Ce lieu tranquille plaît au rêveur par son abandon, son aspect mélancolique ; là les Alpes descendent en mol amphithéâtre jusqu’à la rive, et font deviner les grandioses beautés du Valais, — ce sont de petites ondulations qui annoncent de grosses ondes, — la nature se montre sévère et douce tout à la fois ; rien ne peut donner une idée de la richesse de ce sol, de la force inépuisable et luxuriante de cette végétation.

Mais pourquoi ce pays appartient-il à une race énervée, presque abrutie, ignorante, qui ne sait pas ou ne peut pas tirer parti entièrement de la fécondité d’une terre qui vaut son pesant d’or.
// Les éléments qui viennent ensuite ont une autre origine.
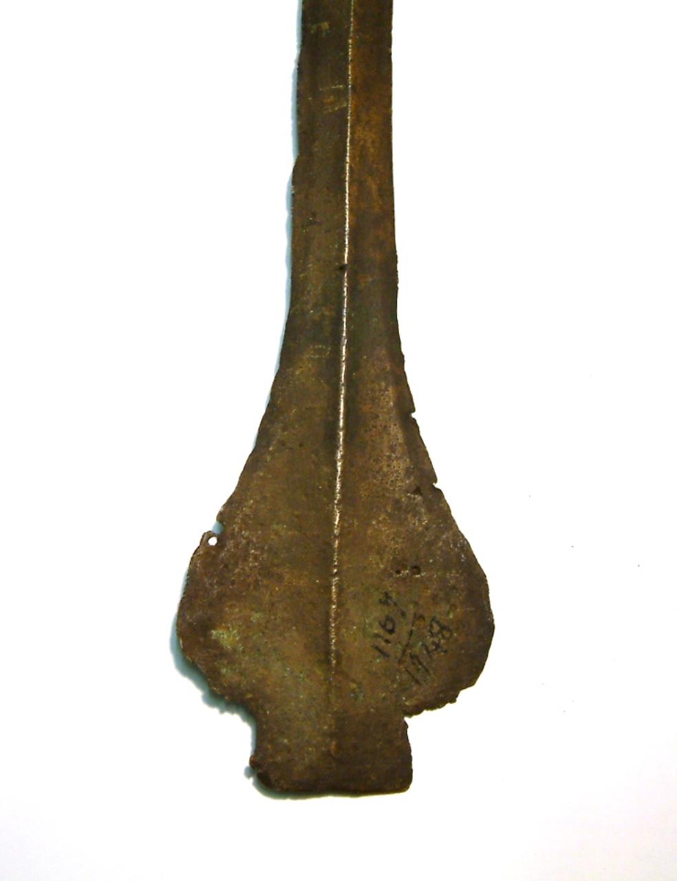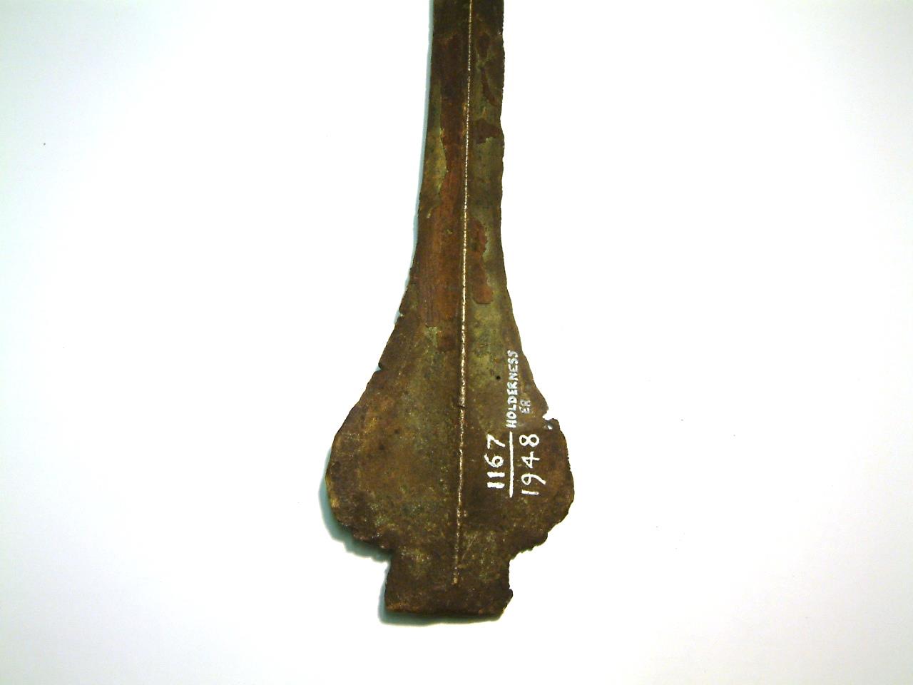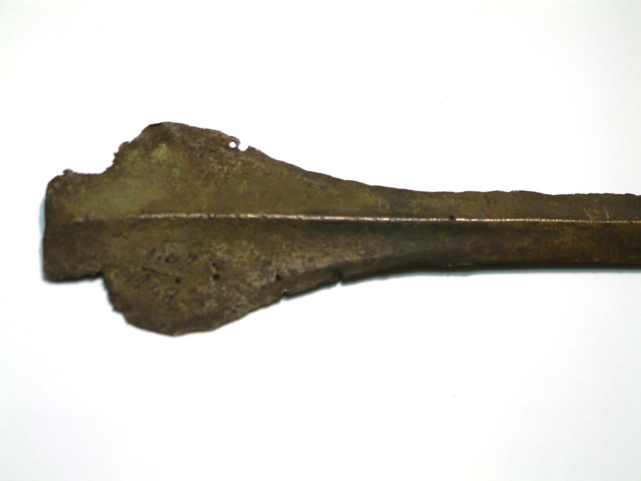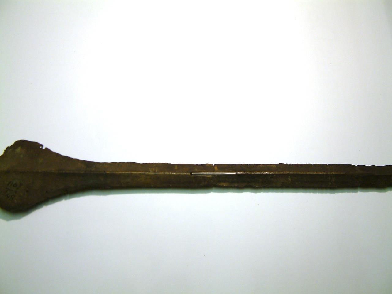 Narrow blade with pronounced keel. Blade has been fractured in two places and repaired. The blade is slightly bent and shows chipping on the lower edges, the tip is missing. The head narrows toward shoulders which are pronounced and rounded, these curve gently to the blade. There is some corrosion evident on the upper segment of the blade but not below the breaks. There is evidence of a further crack about 1cm above the end of the blade.

Les Vaudois ont eu en partage un terroir ingrat, rebelle à la culture, mais ils sont parvenus à l’améliorer, à le rendre productif ; les Chablaisiens, possesseurs d’une campagne extrêmement fertile, sont plongés dans la pauvreté.

Les Vaudois sont des vignerons ; les Genevois, des banquiers et des horlogers ; les Chablaisiens (variété du Savoyard, porteur d’eau, commissionnaire, ramoneur ou joueur de vielle en général) sont des pêcheurs ; les Valaisans, des bûcherons et des pâtres.